• [Exercise directions]
Two lines below mark the span: the one containing "In true Tony" and the one containing "I Vigili del". Set down both, plus every line between, exactly as they stand, and nothing else.

Data excerpts Block Start

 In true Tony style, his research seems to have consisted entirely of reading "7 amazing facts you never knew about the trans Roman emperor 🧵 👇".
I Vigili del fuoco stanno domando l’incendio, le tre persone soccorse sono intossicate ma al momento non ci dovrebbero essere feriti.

Data excerpts Block End
Data excerpts Block Start

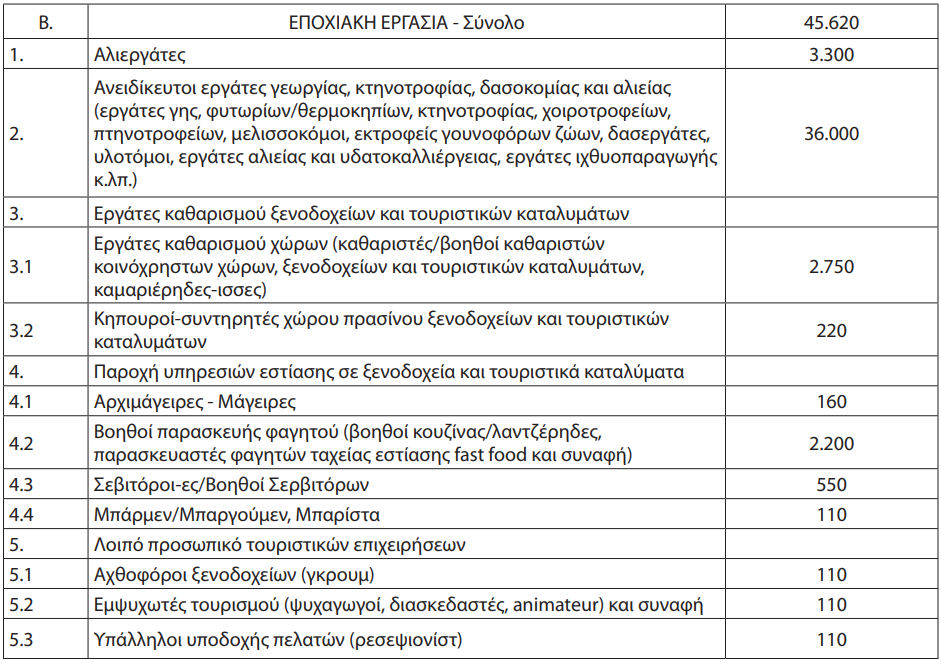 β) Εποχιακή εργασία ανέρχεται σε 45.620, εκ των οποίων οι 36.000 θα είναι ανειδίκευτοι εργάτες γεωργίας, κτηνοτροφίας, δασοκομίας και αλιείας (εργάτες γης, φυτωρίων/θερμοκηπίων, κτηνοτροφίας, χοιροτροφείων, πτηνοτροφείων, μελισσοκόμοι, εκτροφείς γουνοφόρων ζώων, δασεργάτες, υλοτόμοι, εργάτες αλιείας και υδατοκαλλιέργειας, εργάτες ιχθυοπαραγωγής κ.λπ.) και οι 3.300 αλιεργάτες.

Data excerpts Block End

• [Solution to this problem]
 In true Tony style, his research seems to have consisted entirely of reading "7 amazing facts you never knew about the trans Roman emperor 🧵 👇".
I Vigili del fuoco stanno domando l’incendio, le tre persone soccorse sono intossicate ma al momento non ci dovrebbero essere feriti.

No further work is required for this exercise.